Спрячем от чужестранцев наши теокальтин — наши храмы, наши кальмекаме — школы высоких наук, наши тлачкоуан — площадки для игры в мяч, наши тельпочкальтин — школы для детей и юношей и наши квикакальтин — дома для священных песнопений, укроемся в наших домах, оставив улицы и площади пустыми.
С сегодняшнего дня и впредь, до тех времен, пока вновь не взойдет наше солнце, наши очаги станут для нас теокальтин, кальмекаме, тлачкоуан, тельпочкальтин и квикакальтин.

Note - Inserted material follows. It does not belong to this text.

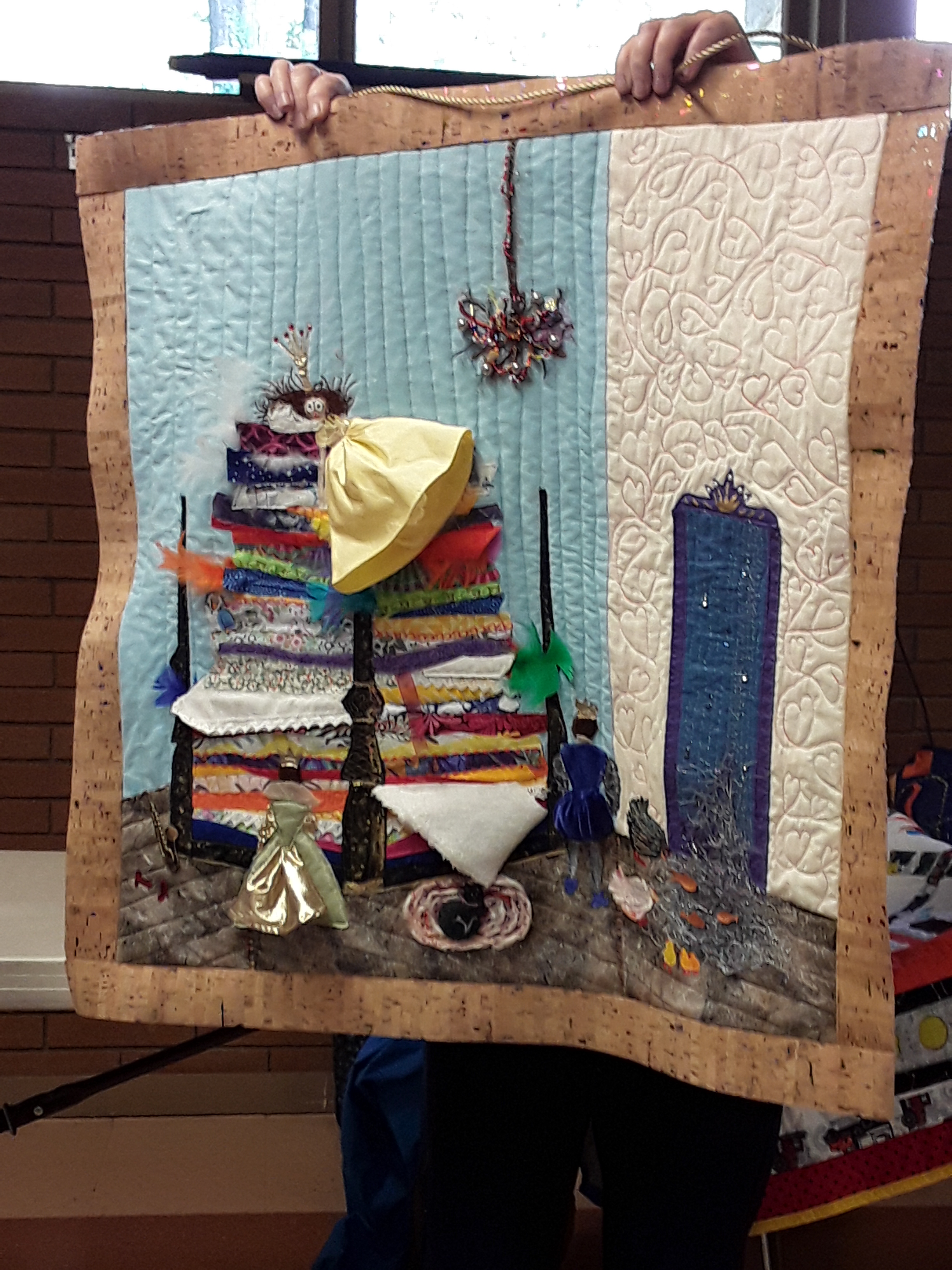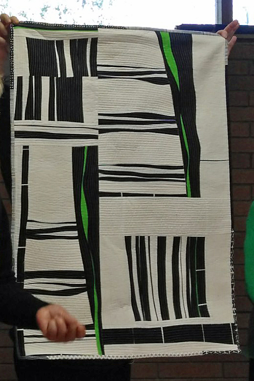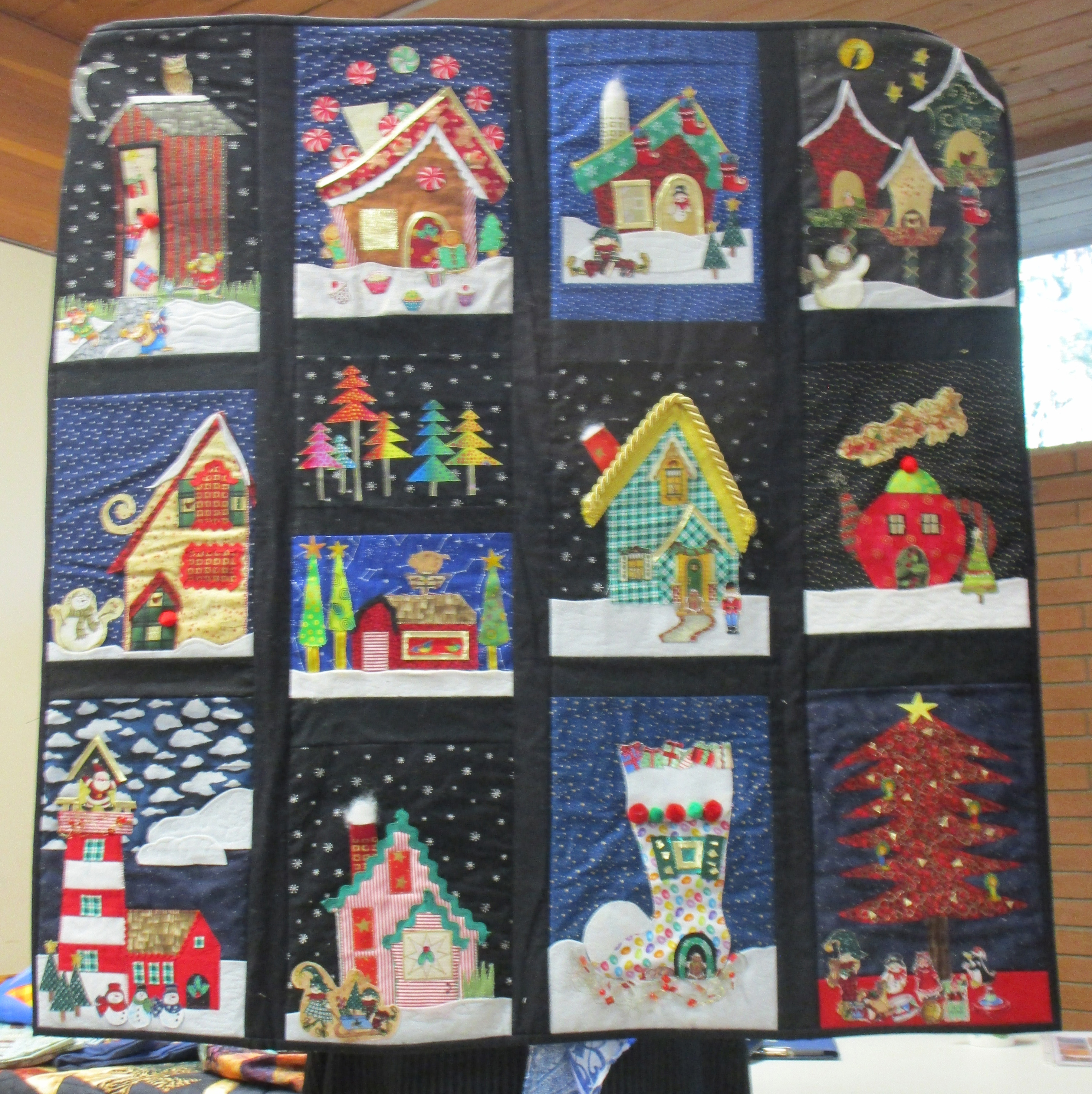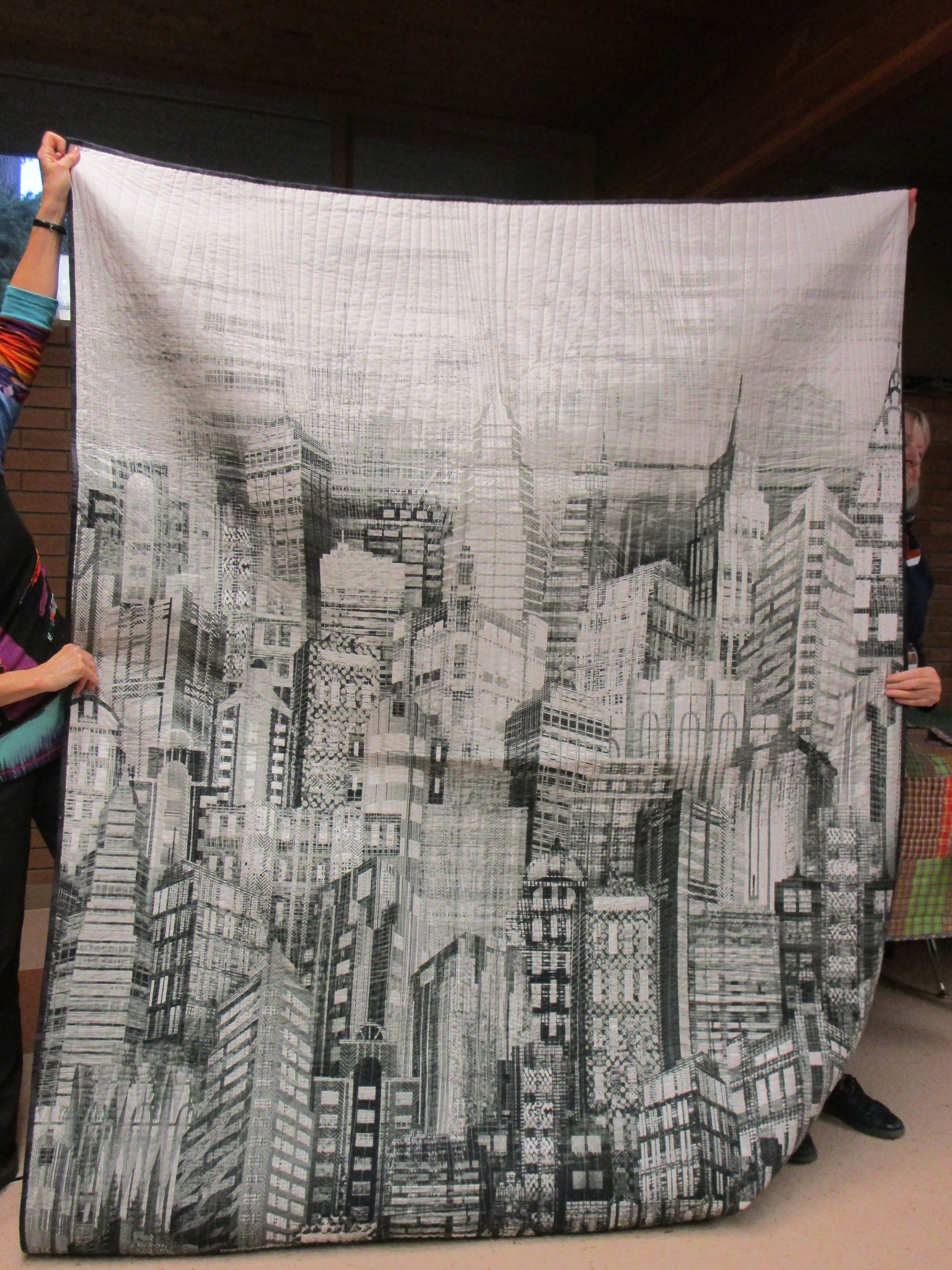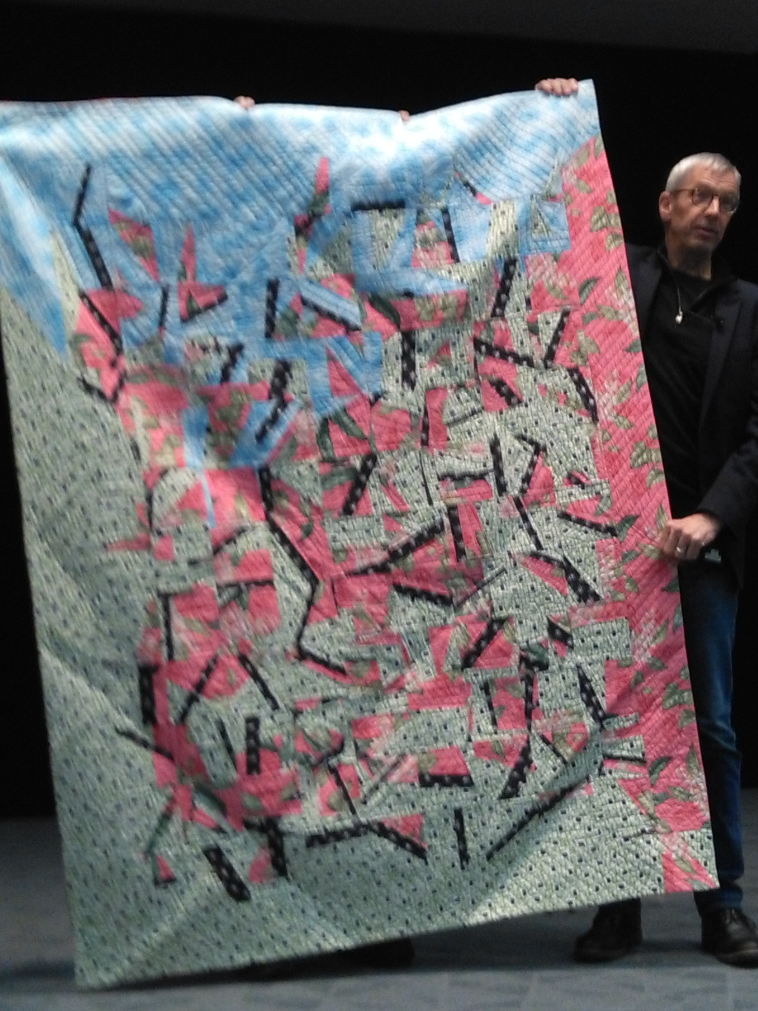 Wendy W sent along these pictures from the recent Boundary Bay Quilters’ Guild show in Tsawwassen, BC. The “hexi” quilt was made by Dougal Walker, who taught the “Wonky Star” workshop for our guild in 2018.

Пока скрыто от нас наше солнце, наши отцы и матери станут учителями и наставниками для детей. Родители поведут своих детей по жизни, и пусть старшие не забывают рассказывать младшим, чем была для нас долина Анауак и каким прекрасным был Теночтитлан до тех пор, пока пребывал под покровительством Великого Господина всего сущего и единого. Пусть расскажут всем, кто придет нам на смену, что этот прекрасный город и вся великая страна были созданы лишь потому, что мы хранили верность заветам наших предков и нашим древним богам. Пусть не забывают родители повторять своим детям, что придет день, когда возродится прекрасная долина, когда восстанет из пепла великий Теночтитлан — восстанет для всех нас. После долгой ночи взойдет на небе новое, шестое солнце, и солнце это будет светочем справедливости».

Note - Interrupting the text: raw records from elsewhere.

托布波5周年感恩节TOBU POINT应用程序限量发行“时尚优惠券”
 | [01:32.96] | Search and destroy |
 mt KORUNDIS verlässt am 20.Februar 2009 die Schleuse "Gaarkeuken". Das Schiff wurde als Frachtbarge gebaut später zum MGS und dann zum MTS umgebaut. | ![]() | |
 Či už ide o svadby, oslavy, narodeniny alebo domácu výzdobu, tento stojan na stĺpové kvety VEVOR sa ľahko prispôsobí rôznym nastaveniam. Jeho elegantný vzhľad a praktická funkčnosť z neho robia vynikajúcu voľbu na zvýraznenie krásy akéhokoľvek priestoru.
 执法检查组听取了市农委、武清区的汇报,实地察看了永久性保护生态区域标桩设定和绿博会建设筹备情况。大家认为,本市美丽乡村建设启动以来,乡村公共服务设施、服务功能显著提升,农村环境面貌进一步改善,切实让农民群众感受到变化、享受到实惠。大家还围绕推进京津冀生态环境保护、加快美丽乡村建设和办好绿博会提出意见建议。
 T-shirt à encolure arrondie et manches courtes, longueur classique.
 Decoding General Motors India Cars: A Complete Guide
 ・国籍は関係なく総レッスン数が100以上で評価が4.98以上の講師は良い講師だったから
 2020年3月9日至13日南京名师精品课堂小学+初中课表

Малиналли не переставала спрашивать себя, что она сделала не так, с чем не справилась, в чем была ее главная ошибка. Почему судьба лишила ее главной и единственной привилегии — помогать своему народу? Появление Кортеса стало ответом на страхи, терзавшие Моктесуму; найденное золото стало ответом на мечты и устремления Кортеса. Малиналли тоже хотелось бы найти ответ на беспрестанно мучивший ее вопрос: по чьей воле боги допустили разрушение Теночтитлана? Прислушались ли они к просьбам тлакскальцев? Или же такова была их собственная воля? Было ли это необходимо самому мирозданию? Или, быть может, эта трагедия стала одним из мгновений бесконечного цикла бесконечно сменяющих друг друга рождения и смерти? Ответ на этот вопрос был для нее сокрыт во мраке. Малиналли не смогла ничего спасти.

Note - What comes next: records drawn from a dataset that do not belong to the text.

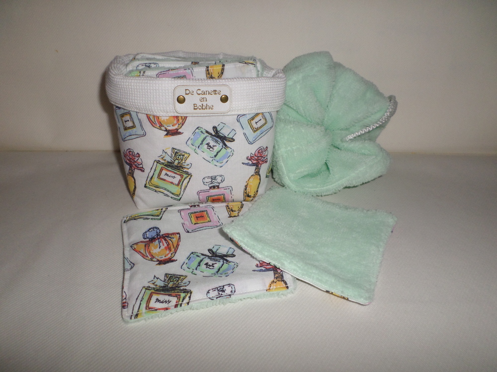Corbeille avec ses 8 lingettes et une fleur de douche en éponge de bambou
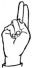 На ћирилици написано КРСТИМИР РАКОВАЦ састоји се из 15 слова [?]. Исписано ћириличном једноручном азбуком за глувонеме:
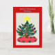 Árvore de Natal colorida com uma estrela brilhante no topo, ornamentos, canas doces, e JOY escrito em uma saia seca vermelha com bagas vermelhas e folhas holly verdes. Um cartão de Natal adorável para uma criança dar às suas Mamães especiais! -Clique em PERSONALIZAR TI para editar caixas de texto, se desejar. Artefato original e Carta Verse © 2012 TamiraZDesines.
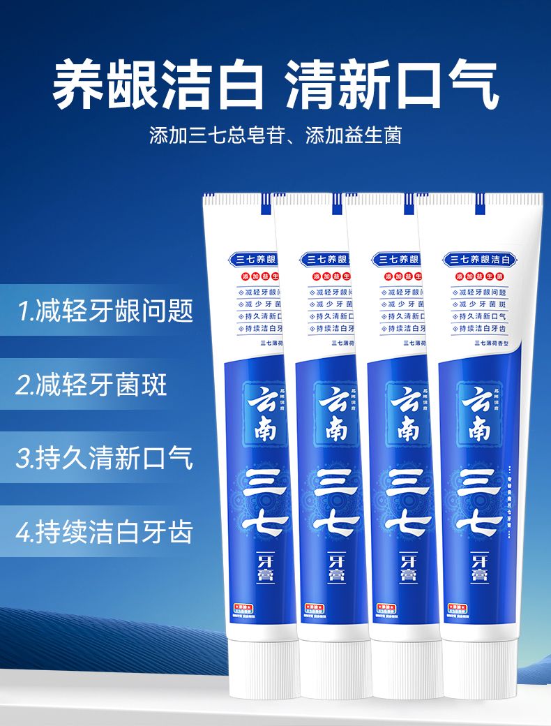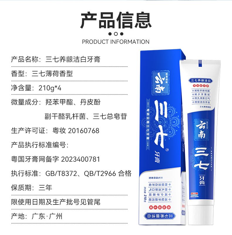 商品名称:云南三七 养龈洁白牙膏210g*4只
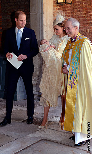 Сына герцога и герцогини Кембриджских Уильяма и Кейт крестил архиепископ Кентерберийский Джастин Уэлби. Церемония носила закрытый характер, на ней присутствовали только 22 человека, в том числе представители трех поколений королевской семьи.
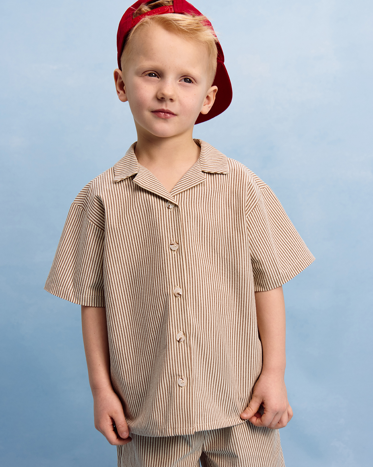 Просторный крой подходит для активных игр и щедрой порции мороженого после дня на море. Натуральная гипоаллергенная ткань быстро сохнет и защищает плечи от солнца в +25 °C.
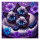Poster 3 Chatons Siamais Fleurs violettes Coussin Argent
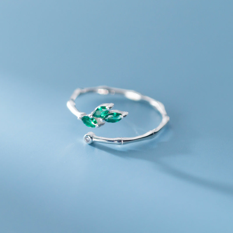 S925 Silver Ring Bamboo Leaf Design Adjustable Jewelry
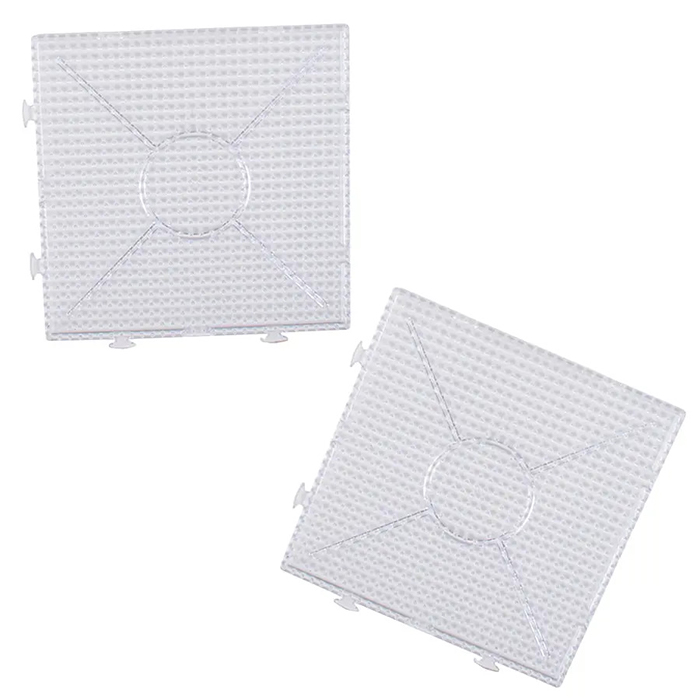 Kvadratiska pärlplattor med Svanenmärkning som kan sättas ihop till större arbetsytor vid behov. Konstruktionen gör det möjligt att utöka storleken på pärlprojekten stegvis.
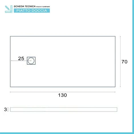 Piatto doccia resina rettangolare 70×130 cm filo pavimento con spessore 3 cm bianco pietra completo di griglia e piletta
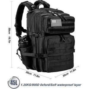 🧿1. Military Tactical backpack size approx: 12inch x 20inch x 12inch, Capacity: 45L; Military backpack is made of 900 oxford nylon fabric, durable and water-resistant. Suitable for fitness, travel, hiking, camping, and other outdoor activities.
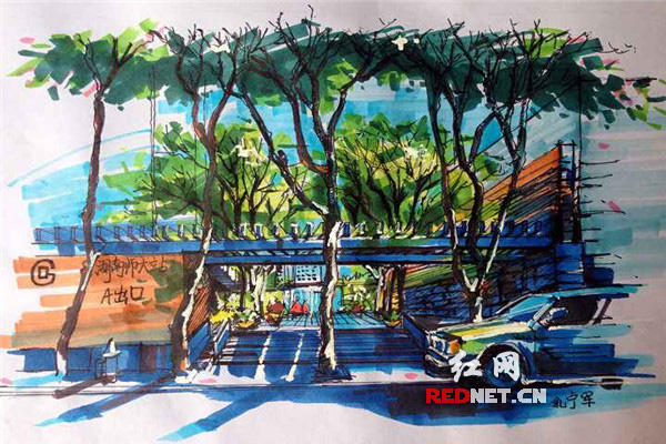 (湖南师老员工自发手绘公司地铁出入口,该图则体现了大学里的地铁站应尽量低调有内涵,简单的结构让这个地铁站能够融入师大校园环境。作者:孔宁军)

В те дни Малиналли много думала о бабушке: она не дожила до того часа, когда рухнул весь ее мир, когда низвергнуты боги, которым она поклонялась. Но Малиналли было не по себе. Она чувствовала свою вину и ответственность за все, что произошло с ее страной и ее народом. Чтобы оправдаться перед самой собой, она то и дело повторяла: все, что умирает, на самом деле не перестает существовать, а лишь переходит в другой мир. Она вспоминала, как ее учили, что и на жертвенном алтаре умирает не сам человек, а только его тело, душа же и разум лишь освобождаются и устремляются ввысь, к небесам. Сколько раз в своей жизни она слышала, что жизнь тех, кого приносят в жертву, принадлежит богам, а не людям, совершающим этот обряд, что эти души лишь возвращаются в обитель богов, когда обрывается их земная жизнь, что жрецы с обсидиановыми ножами никого не убивают и ничего не разрушают. Жизнь, освобожденная из темницы тела, может наконец исполнить свое предназначение и, поднявшись на небо, стать частицей солнца.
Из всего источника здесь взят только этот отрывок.